# vegas indoor



## dwagoner (Sep 27, 2007)

you should do well if your average is 295s, all depends how you will fall in the flights, you can be in top 3 or bottom of a flight, you never know. but vegas rocks youll love it! im glad its close to me as i go every year now after getting into indoor few years ago.

with having a 2.30 time limit you may wanna shoot and use timers, that way you can get used to that time if you dont shoot with that time limit already. and you will shoot top and bottom of target, on the switch theres always someone that forgets and shoots wrong target, maybe practice that too. GL


----------



## indiana35 (Jun 21, 2006)

check out www.archerylessonsonline.com It is hosted by Adam Guggisberg who is a great shooter and coach in his own right. For members we have a weekly online league going on. Shoot your score and e-mail a picture of the target in.

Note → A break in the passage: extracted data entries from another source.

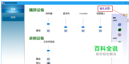 Win10系统,音箱插在后面板没有声音;插前面板有声音。
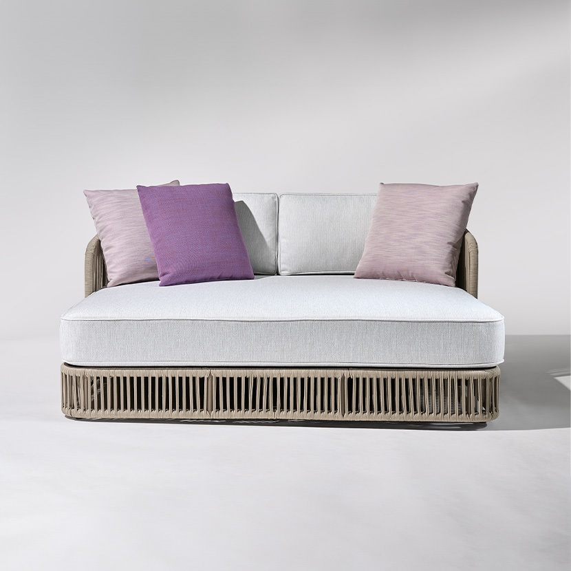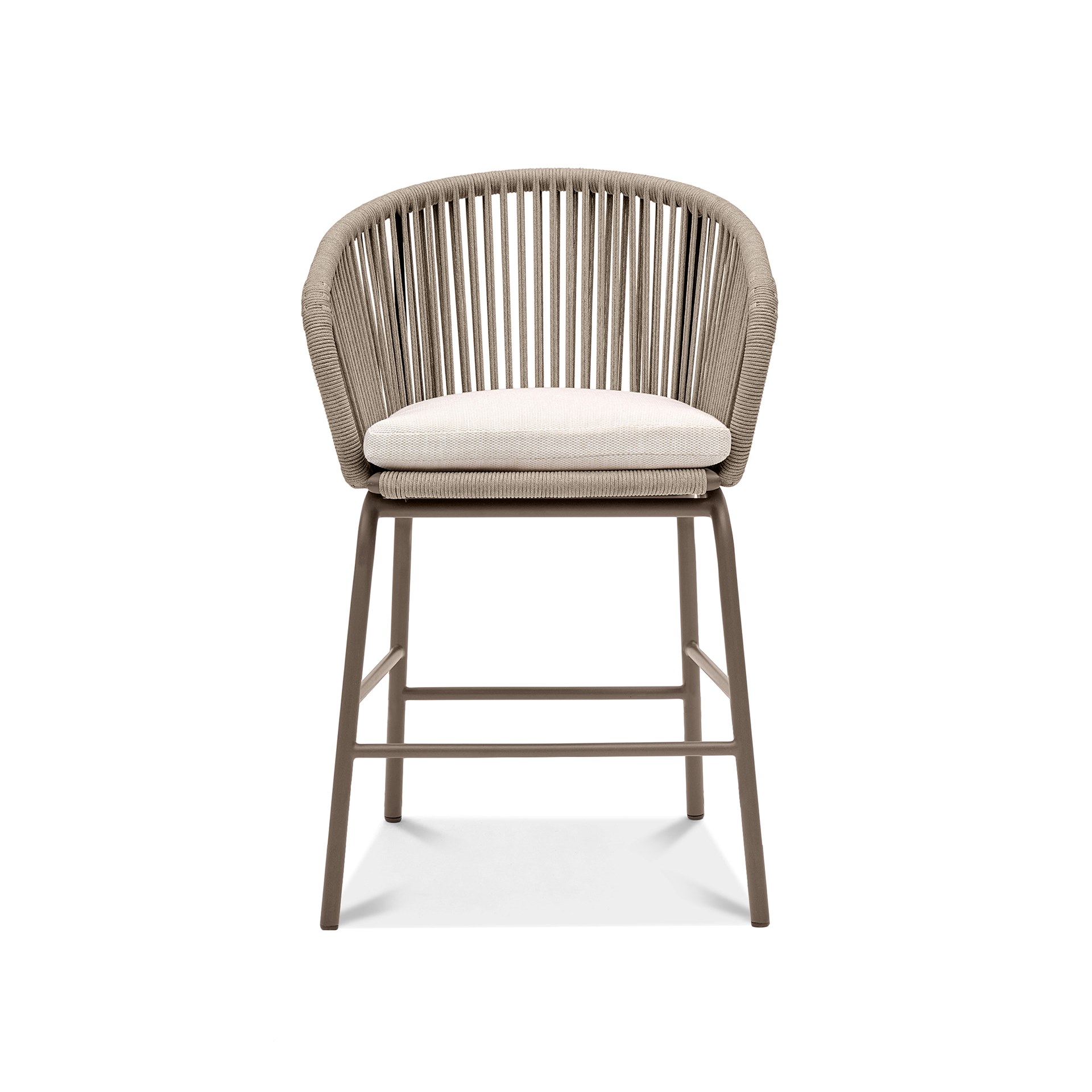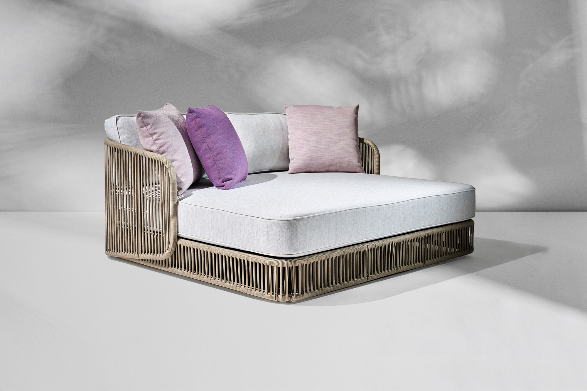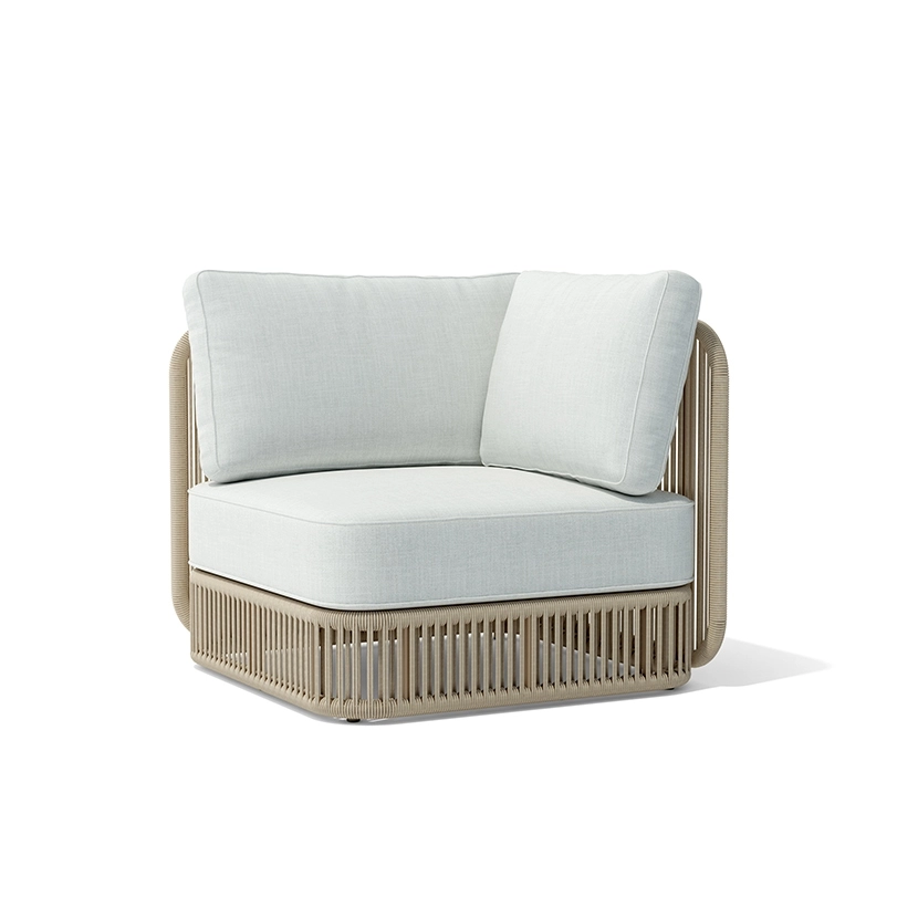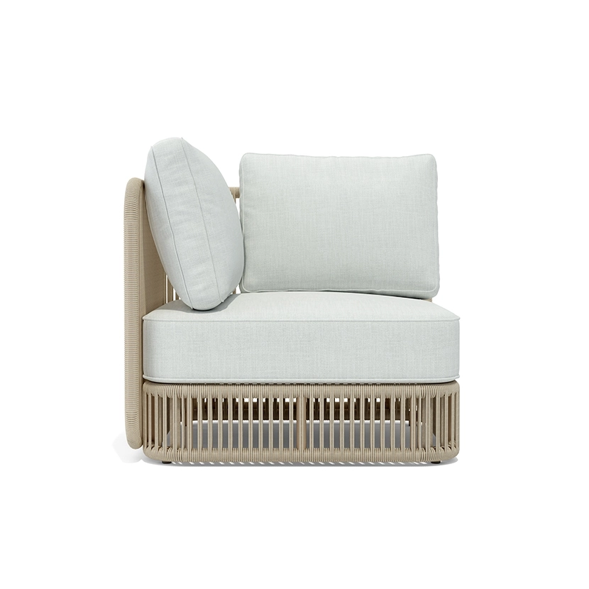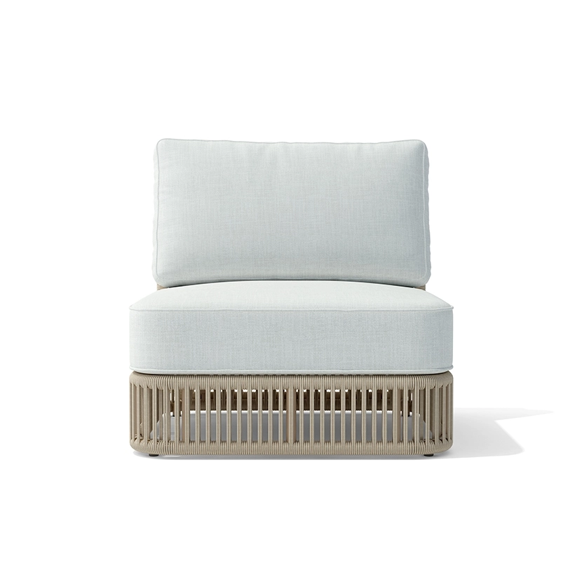 Wainscott collection features handwoven, all-weather rope in powerful vertical lines. Designed with natural spaces in mind, its rhythmic repetition mimics the surrounding landscape and seamlessly integrates into indoor and outdoor settings. The collection includes seating options for lounging and dining, with a versatile and sophisticated design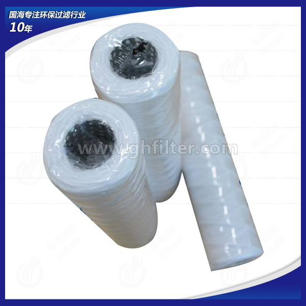 新乡国海滤器公司生产的40英寸PP线绕滤芯——多种过滤精度系列由纺织纤维粗纱缠绕在骨架上,外疏内密,可有效除去流体中的悬浮物,铁锈,颗粒杂质,根据控制滤层缠绕密度控制精度.
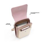Portatodo Chio, material tipo cuero con asa regulable, cuenta con un bolsillo frontal y color block.
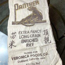 Vintage 50 lb PANTHER Fancy Rice Sack Oakland Calif Veronica Foods 94821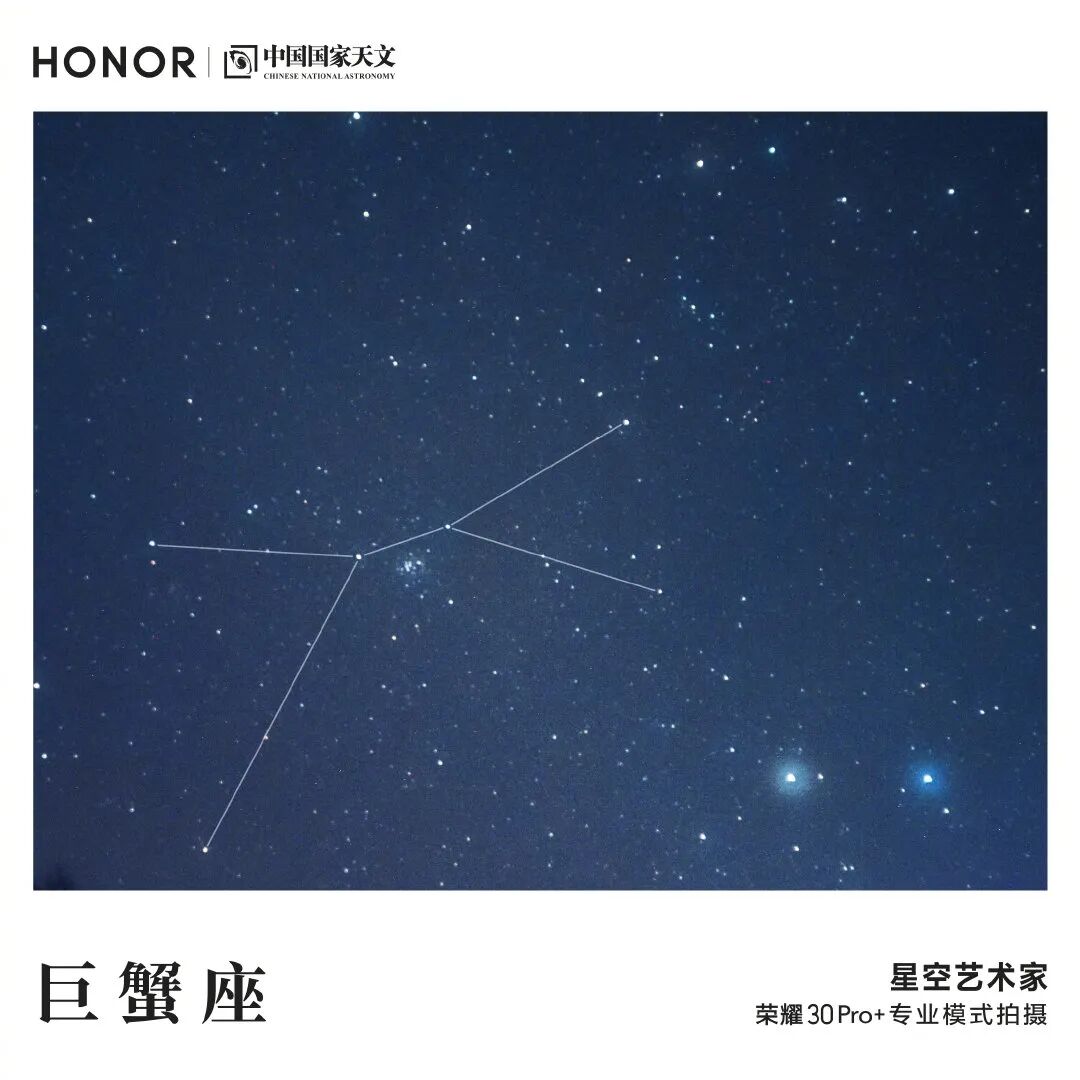 比起左右明亮的双子座和狮子座,巨蟹座是黄道十二星座中最暗的一个,3颗较亮的恒星巨蟹座α、β、δ组成了“人”字形结构。除了天秤座,十二个黄道星座大都象征着有生命的人物或者动物,或许这也是为什么古希腊人将它们称作“兽圈”的原因,你可以将它们看做“天上动物园”。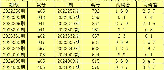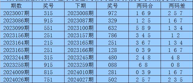 从以上统计可以看出,百个位两码合差0与8同时出现之后其下期两码合差表现最热的4个分别为:0235,本期百个位两码合差可以参考这四码中的数据。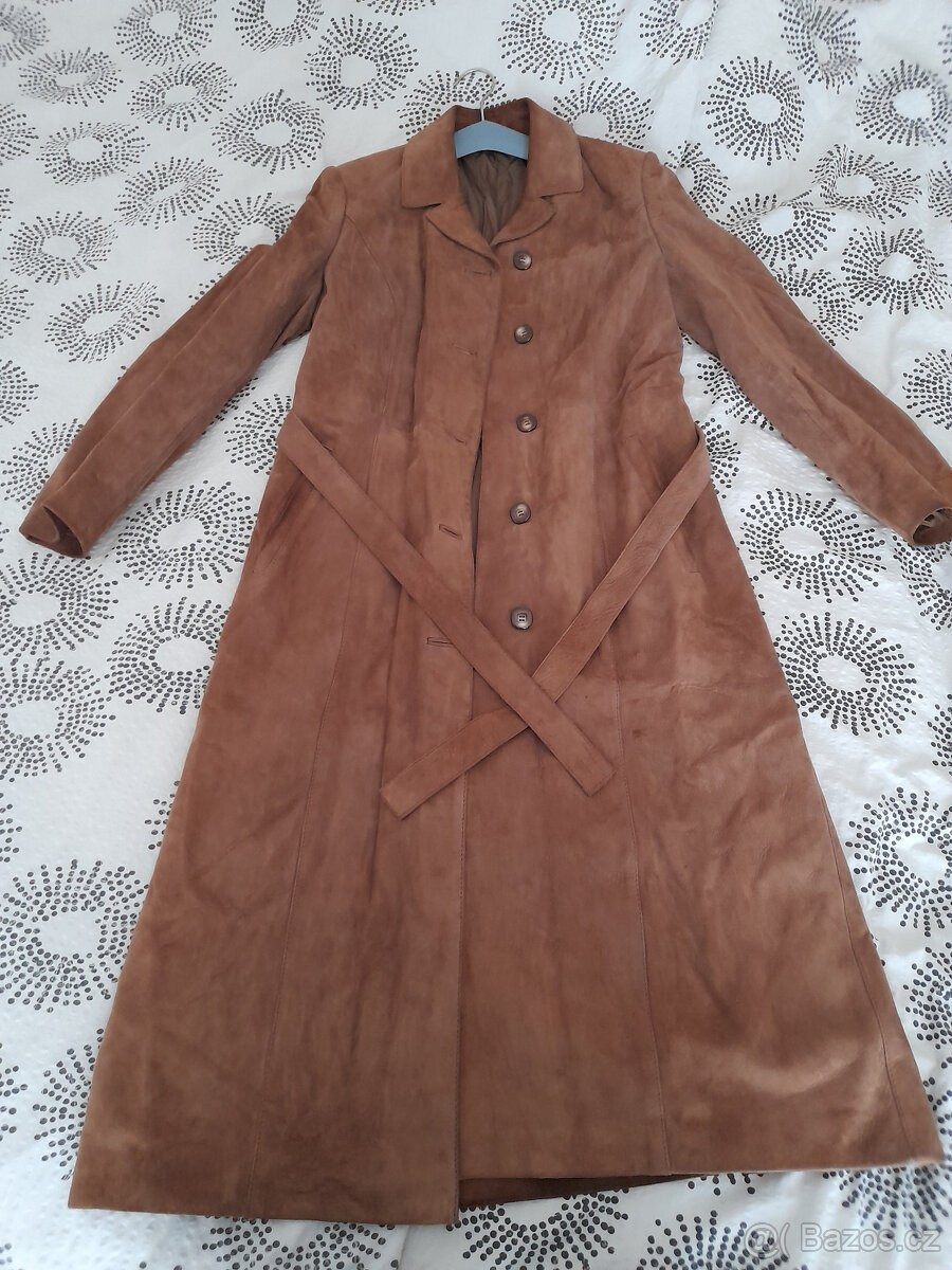 Prodám dámský hnědý semišový kabát, vel. 42, dlouhý s páskem. Nošený, v zachovalém a nepoškozeném stavu - viz fotografie. Zdědila jsem, ale bohužel to není moje velikost. Někomu jinému určitě ještě dobře poslouží.

All different skill levels, but everyone is encouraging and sharing information. I think membership is $13.95 a month (?), but has been well worth it.


----------



## blueglide1 (Jun 29, 2006)

Concentrate on the super Xs.If you try to hit those the tens will come easier.Aim small,miss small. Make thirty good shots.A normal pace and you will still have plenty time for a let down during the time limit.Just dont daudle around,stay focused on the task at hand and make good shots.


----------



## daniel22 (Nov 23, 2010)

ok and whats a good set up as far as rest arrows and scope???


----------



## blueglide1 (Jun 29, 2006)

Everyones different in what they shoot and like.My personal set up is a wide blade rest and Carbon express X Jammer 27s.30in long with 230grn heads and four inch straight fletch offset feathers.alot of guys run small vanes but I prefer feathers.I have a Specialty Archery 1,5/8 scope housing and an 8x lens with a #3 clarifier red..Most cant handle that kind of power in a lens.If you are starting out I would try a 4x.My bow is a Hoyt Contender Elite at 57 lbs.


----------



## NEVADAPRO (Jul 5, 2007)

Shoot 30, one arrow tournaments! This is a big tournament and you will be on the line with hundreds of shooters, so stay in your lane and your lane only. Meaning, don't worry about the people around you. You can only control you and the arrow you are about to shoot. You have no control over the arrows you have already shot, good or bad and no control over the arrows in your quiver. Keep all of your concentration on the arrow you have loaded and are ready to shoot and follow your shot sequence to the letter on every shot. And remember...it's not life or death! It's an archery tournament....have fun and stay relaxed!!!


----------